Memórias primárias


Ana Maria. Ainda sinto o seu cheiro e oiço a sua voz. Já lá vão 35 anos e ainda trago na memória estas lembranças primárias. Tenho sempre a sensação que já passaram 50 e que o tempo passa a correr, mas afinal não é assim. O meu tempo não é como o tempo dos outros. Talvez seja por isso que aparento ter 20 em vez de 40 anos.
A minha primeira professora, foi como minha familiar sem ser efetivamente da família. Não era de sangue, era de coração. Tenho muitas saudades dela e nem sequer sei se ainda está viva. Pelo menos, na minha memória, está, e isso basta....
Estes meus compinchas de recreio e sala de aula, foram as minhas primeiras lições de amizade, partilha, compromisso, brincadeira, amor, patetices e muito mais...
Ainda tenho os seus nomes cá dentro, mas há um nome especial, não fosse ele uma pessoa especial. Este menino sentado ao pé da professora, tinha um problema no seu desenvolvimento cognitivo. Não sei ao certo qual era a sua condição. A professora nunca comentou nada connosco, talvez porque não o quisesse diferenciar dos outros. Apenas tratava-o com amor, carinho e atenção. Já vos contei que tive um Júlio na minha vida, o menino com trissomia 21, agora tinha o Paulinho, era assim que lhe chamava.
O Paulinho adorava ouvir música, passava o seu tempo a cantarolar e a fazer rap com as batidas que caracterizam este estilo musical.

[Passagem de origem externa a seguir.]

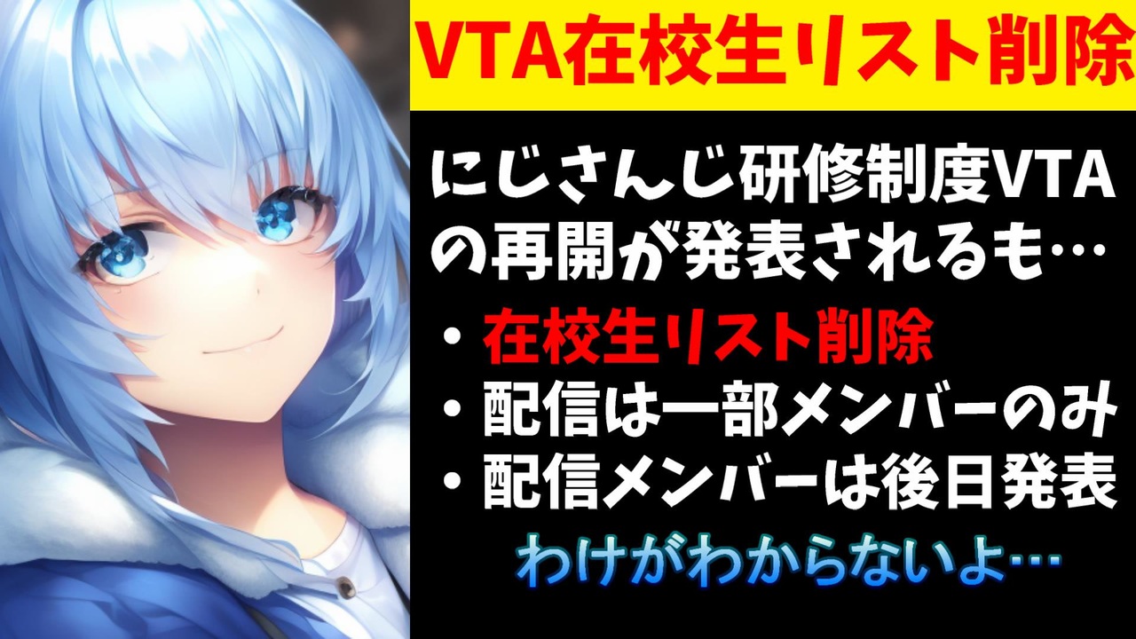 2023年10月4日、事実上のにじさんじ研修制度であるバーチャル・タレント・アカデミー(VTA)公式より大量粛清以降2か月ぶりとなるお知らせが発表されたのですが、在校生リスト削除などの不吉な文章が並んでいるとして話題になっています。<br><br>引用<br><a href="https://twitter.com/VTA_ANYCOLOR/status/1709449672098811943" target="_blank" rel="noopener nofollow">https://twitter.com/VTA_ANYCOLOR/status/1709449672098811943</a><br><br>Youtube <a href="https://www.youtube.com/@V_Virgin_Mary" target="_blank" rel="noopener nofollow">https://www.youtube.com/@V_Virgin_Mary</a><br>twitter <a href="https://twitter.com/V_Virgin_Mary" target="_blank" rel="noopener nofollow">https://twitter.com/V_Virgin_Mary</a><br><br>使用素材<br>高品質なフリー動画素材 - Pixabay <a href="https://pixabay.com/ja/videos" target="_blank" rel="noopener nofollow">https://pixabay.com/ja/videos</a>

Já na minha adolescência, encontrei-o a passear na rua com uns auscultadores maiores que a sua cabeça, a fazer exatamente os mesmos sons com a boca ao sentir o ritmo da música. Aquele rapaz respirava felicidade! Já não posso dizer o mesmo de quem o observava, com um olhar reprovatório, como se fosse ali  um maluquinho.
Nesta turma, tinha amigos de todas as classes sociais, desde os mais pobres até aos mais "betinhos". Era natural, uma vez que estavamos perto de bairros sociais, "ilhas" e de moradias de gente importante das fábricas e indústrias portuenses existentes na época.
Tenho saudades das brincadeiras de recreio, da disciplina imposta pela professora, dos passeios que fazíamos, das patetices quando a professora se ausentava da sala, das danças que o Paulinho fazia em cima da carteira, do cheiro a fresco dos livros e do cheiro bom que se esgueirava da cantina. Não tenho saudades das reguadas, de ser chamada ao quadro e dos meninos mal comportados que nos roubavam o lanche. Naquela altura, o bullying já existia mas tinha outro nome menos pomposo, sem uso do estrangeirismo. Apesar das reguadas nos "acertarem o passo" e não gostarmos nada, hoje podemos dizer, seguramente, que eram um incentivo a fazermos melhor todos os dias. Aquilo que achamos ser um castigo, pode na realidade ser a nossa motivação para crescermos interiormente, dando espaço ao nosso auto-conhecimento e a estarmos mais atentos ao  mundo que nos rodeia.
Tive uma infância cheia de aprendizagens, porque o presente educativo que me deram em casa foi sempre à base do amor, tolerância, compreensão, humildade, gratidão, respeito, aceitação, liberdade e comunicação. Na escola, aprendi o hino, a escrever, a ler, a somar/dividir/multiplicar/subtrair, a tabuada e, uma coisa importante que toda a gente esquece, aprendi a Ser e a escalar montanhas. Tudo por culpa dos compinchas e da professora Ana Maria. Foi sempre a somar coisas boas e outras menos boas até aos dias de hoje. E ainda tenho mais 90% de RAM no meu cérebro, para usar e ocupar, com aquilo que ainda falta fazer pelos outros, pelos Júlios, pelos Paulinhos e essencialmente, por mim.
Sem recebermos algo dos outros, não conseguimos dar nada de nós, e vice-versa.